Required action: The response consists of the lines from the start of the material below through the line holding "Musta Hell Bunny", repeated word for word and without pictures.

Information provided:
↓
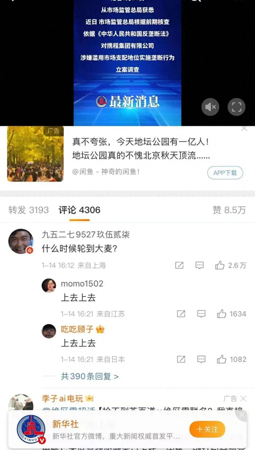 在新华社发布携程被查的微博下,有网友表示,“什么时候轮到大麦?”
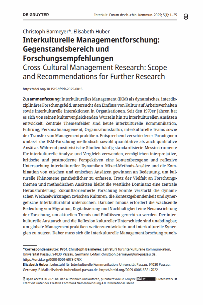 本刊主要关注中国和德语国家跨文化交流中的成功模式、机制以及存在的问题、误解与冲突,以科学的方法探寻原因及解决路径,贴近实践进行理论探讨,旨在以科学认识引导实践,从而更好地推动中国与德语国家人民之间的理解与合作。
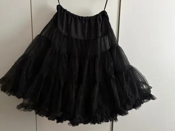 Musta Hell Bunny tyllihame. Koko XS-M, keskipitkä. Käyttämätön.
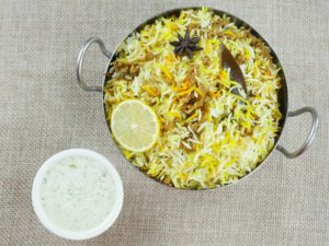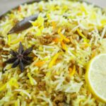 Now for Biryani layers: add mint leaves, green chilies, lemon slices, than add a layer of boiled rice. Sprinkle yellow food color. Cover and cook for 10-15 minutes on low flame.
↑
Solution to this exercise:
 在新华社发布携程被查的微博下,有网友表示,“什么时候轮到大麦?”
 本刊主要关注中国和德语国家跨文化交流中的成功模式、机制以及存在的问题、误解与冲突,以科学的方法探寻原因及解决路径,贴近实践进行理论探讨,旨在以科学认识引导实践,从而更好地推动中国与德语国家人民之间的理解与合作。
 Musta Hell Bunny tyllihame. Koko XS-M, keskipitkä. Käyttämätön.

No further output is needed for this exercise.